(TASK BRIEF):
The answer should hold only the lines from the one containing "All our press" through the one containing "Композиция в белой" in the entries below, copied exactly, without pictures.

(DATA SHOWN):
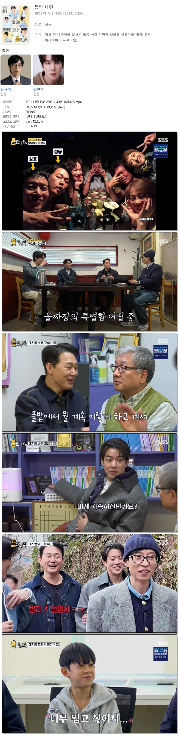 [SBS] 틈만 나면.E48.260317.450p.WANNA[박성웅, 이상윤]
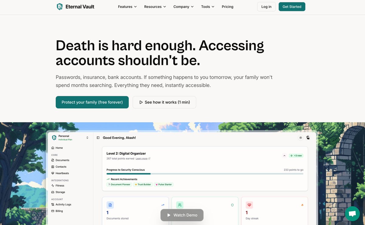 Today's the day! 🚀 After 3 to 4 months of grinding every weekend and evening outside my day job, I'm launching Eternal Vault to the world. The grind was real • Every evening after work designing the architecture • Every weekend coding • Reached out and got 103 beta users to test and get feedback Beta results that kept me motivated • 89% of users didn't need any input from me to use the full platform end to end. • "This would have saved us months of pain" - most common feedback • "I never thought about how serious this problem was" - another common feedback What makes me proudest This isn't just another SaaS. Sure, you could "just share passwords offline", but how many actually do it? And does it right? • Do you update that list every time you change a password? • How do they access it only AFTER you're gone (not before)? • What about new accounts you create? • Is that document even findable when they need it? Most people think they'll do it "someday" but never do. This makes it automatic. To celebrate, I'm offering a 50% discount for the first 100 users. **LAUNCH50** - 50% off for first 100 users. 🎉 Every family deserves better than the digital chaos that happens when someone passes. 🔗 Try free: eternalvault.app 💰 Discount Code: LAUNCH50 (first 100 users) 📧 Questions: akash@eternalvault.app Let's protect the families we care about.
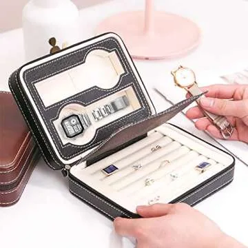 Homeater 2 Slot Watch Box Portable Travel Zipper Case Collector Storage Jewelry Storage Box (Black)
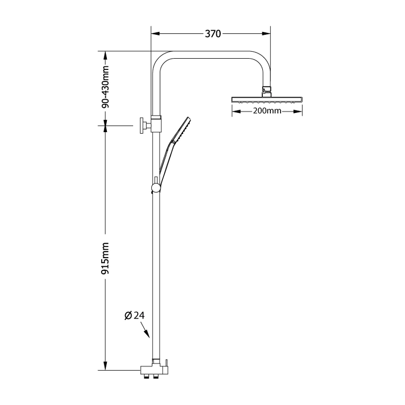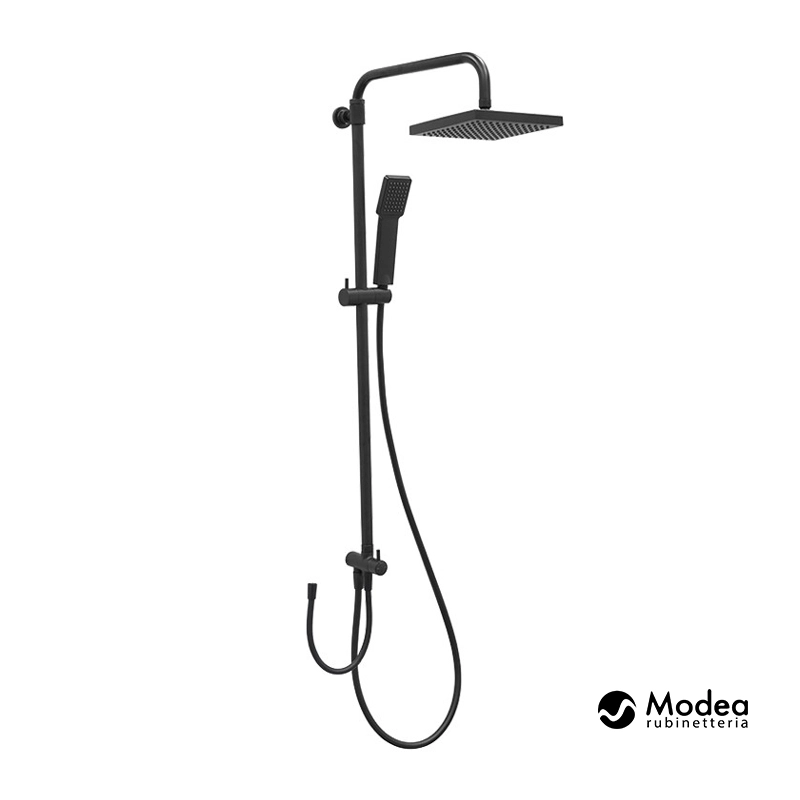 Στήλη Ντους της εταιρείας Modea ρυθμιζόμενου ύψους 100,5-134,5 cm για σύνδεση με μπαταρία λουτρού. Διαθέτει κεφαλή ντους διαστάσεων 200x200 mm με 1 μοτίβο ροής, τηλέφωνο ντους 1 λειτουργίας με διάσταση δίσκου 10 cm και σπιράλ 150 cm.
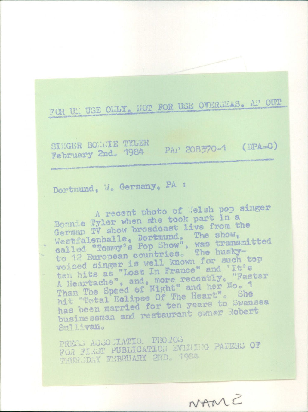 All our press photos are LIMITED ARCHIVE ORIGINALS - they are the actual prints that were used by the newspapers, they are not reprints or digital prints produced by us. All the prints are at least 30 years old and up to 100 years old.
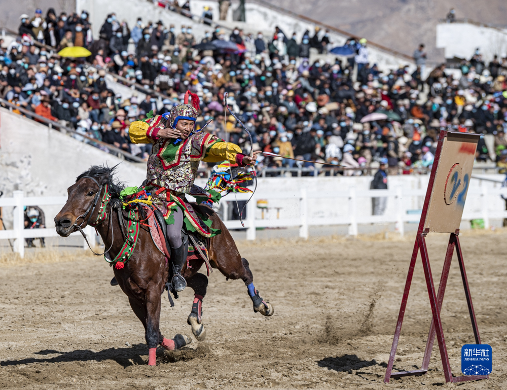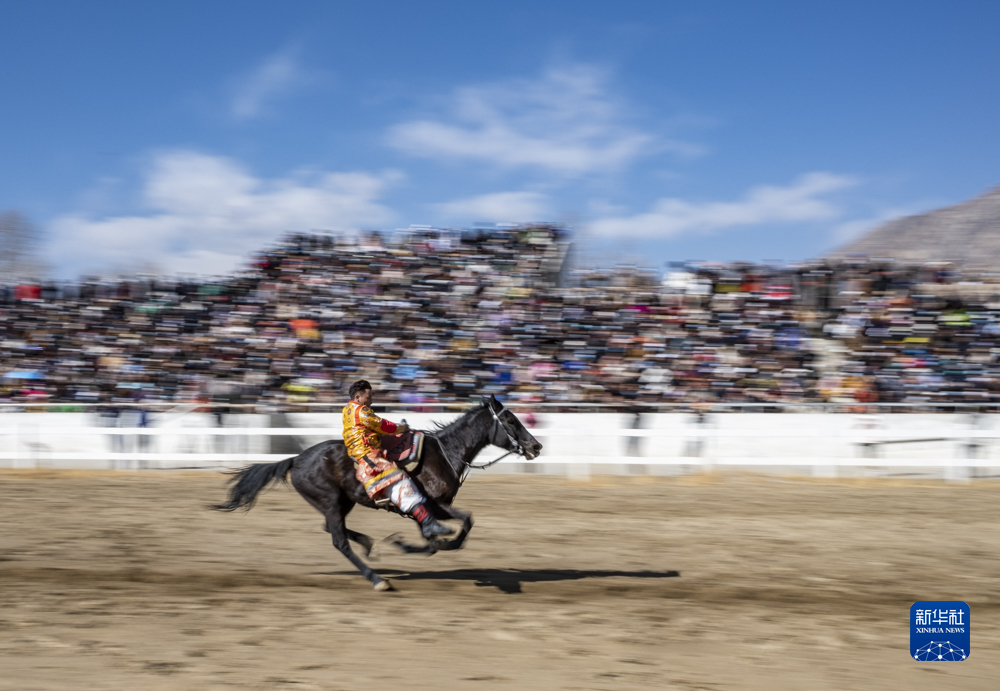 每年藏歷新年初三,在拉薩賽馬場舉辦馬術表演已成為當?shù)貞c祝新年的傳統(tǒng),深受廣大群眾喜愛。騎手們英姿颯爽,為觀眾們帶來騎馬拾哈達、騎馬射箭等精彩表演。
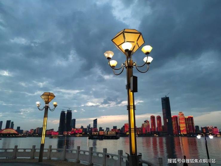 夜暮降临,对着开阔的江面,一边拉伸,一边看日落、吹江风。
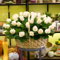 Композиция в белой гамме из кустовых роз, белых фрезий и белых альстромерий в корзине
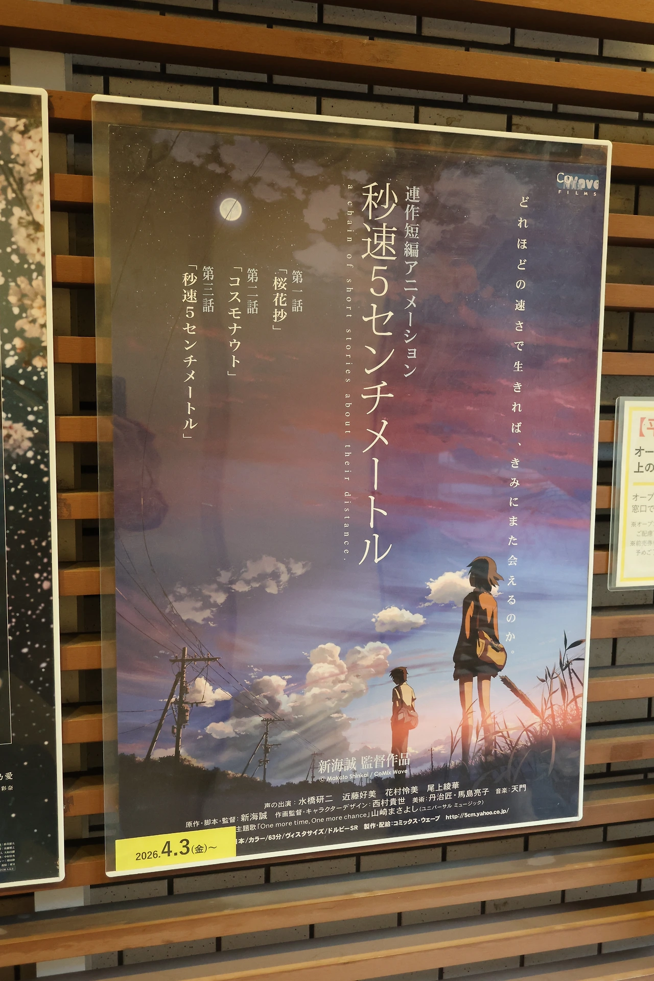 <초속 5센티미터>는 왜 재상영을 하는가, 바로 영화의 주요한 소재가 벚꽃으로 초속 5센티미터가 곧 벚꽃이 떨어지는 속도를 나타낸다. 매년 벚꽃이 북상하는 기간에 맞춰 서일본 지역에서는 3월 20일부터, 동쪽에서는 3월 27일부터 2주간 특별 상영을 한다. 벚꽃 개화 시기가 북상하는 텀을 두고 재상영을 하는게 정말 재미있는 컨셉이라는 생각이든다.

(WRITTEN SOLUTION):
 All our press photos are LIMITED ARCHIVE ORIGINALS - they are the actual prints that were used by the newspapers, they are not reprints or digital prints produced by us. All the prints are at least 30 years old and up to 100 years old.
 每年藏歷新年初三,在拉薩賽馬場舉辦馬術表演已成為當?shù)貞c祝新年的傳統(tǒng),深受廣大群眾喜愛。騎手們英姿颯爽,為觀眾們帶來騎馬拾哈達、騎馬射箭等精彩表演。
 夜暮降临,对着开阔的江面,一边拉伸,一边看日落、吹江风。
 Композиция в белой гамме из кустовых роз, белых фрезий и белых альстромерий в корзине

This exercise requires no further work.